Jeanne Barret (also Baret or Baré) was the first woman known to have circumnavigated the world. Abandoning her bonnet and apron for men’s trousers and coats, she disguised herself as a man and signed on as assistant to the naturalist, Philibert Commerson on one of the ships of Louis-Antoine de Bougainville’s expedition around the world.
During that voyage, Jeanne helped Commerson amass the largest individual natural history collection known at the time. Thousands of the plant specimens can still be found in the herbarium of the Paris natural history museum, although few bear Jeanne’s name.
Despite Jeanne’s singular achievement, she left no account of her journey or her life. She might have been entirely forgotten were it not for a dramatic revelation on a Tahitian beach in 1768.
Bougainville’s voyage famously promoted Tahiti as a utopian paradise of beautiful women and sexual freedom. But the Tahitian men were equally keen to meet European women and, despite her disguise, they swiftly identified Jeanne as one.
This revelation caused consternation on board and Bougainville was forced to intervene. He described Jeanne’s confession briefly in his best-selling narrative of the voyage. Having nothing but praise for her work, Bougainville ordered she be left alone to continue her work as a man.
Jeanne had done nothing wrong.

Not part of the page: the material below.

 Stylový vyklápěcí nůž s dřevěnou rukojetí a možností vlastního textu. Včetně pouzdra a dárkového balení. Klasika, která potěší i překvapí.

French naval regulations did not forbid women from embarking, but there were penalties for men who brought a woman on board. Both Jeanne and Commerson insisted he was unaware of Jeanne’s ruse and that they did not know each other prior to the journey. As soon as the voyage reached French territory, the island of Mauritius in the Indian Ocean, Jeanne and Commerson disembarked.

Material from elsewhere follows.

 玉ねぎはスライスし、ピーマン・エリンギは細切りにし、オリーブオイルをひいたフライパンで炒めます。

Jeanne’s adventure was soon retold in a book on celebrated women and in the philosopher Denis Diderot’s famous Supplement to the Bougainville voyage. She was ultimately awarded a French naval pension for her services.

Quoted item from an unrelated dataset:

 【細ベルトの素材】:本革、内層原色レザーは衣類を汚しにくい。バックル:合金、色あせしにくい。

The only known image of Jeanne appeared in a book of famous voyages, drawn long after her death. The image is probably allegorical. Loose sailor’s clothes represent her voyage, a bunch of flowers represents botany and the red cap presents her as Marianne, an iconic revolutionary symbol of liberty and the new French republic.
In reality, a servant and botanist like Jeanne would have worn gentleman’s clothes, carrying an assortment of pins, knives, bags, weapons and papers for collecting. Plants were pressed in the field in a portable plant press.
Despite such early renown, details of Jeanne’s life beyond her famous voyage were scarce. For many years, little was known about her past, what happened when she left the expedition in Mauritius in 1768, how she returned to France or what she did with the rest of her life.
Simplistic stereotypes
Writing the biography of a woman about whom we knew so little was always going to be challenging. I found myself searching for a pre-existing model to base Jeanne on – in fiction or in history. But in literature, as in reality, women, the poor, the illiterate, the nonconformists and those from other cultures and languages are poorly represented.
When they appear, they are simplistic stereotypes – supporting characters for a lead role reserved for a wealthy, white man. A woman like Jeanne could be a peasant or a servant, a wife or a fallen woman – there was no conventionally acceptable opportunity for her to be an adventurer or an independent woman of her own means. She had to create that opportunity for herself.
Initial accounts of Jeanne focused on her work, appearance and sexual conduct. She was described as being indefatigable, an expert botanist and a beast of burden who carried heavy provisions while plant collecting. Men noted she was neither attractive nor ugly, but she behaved with “scrupulous modesty”.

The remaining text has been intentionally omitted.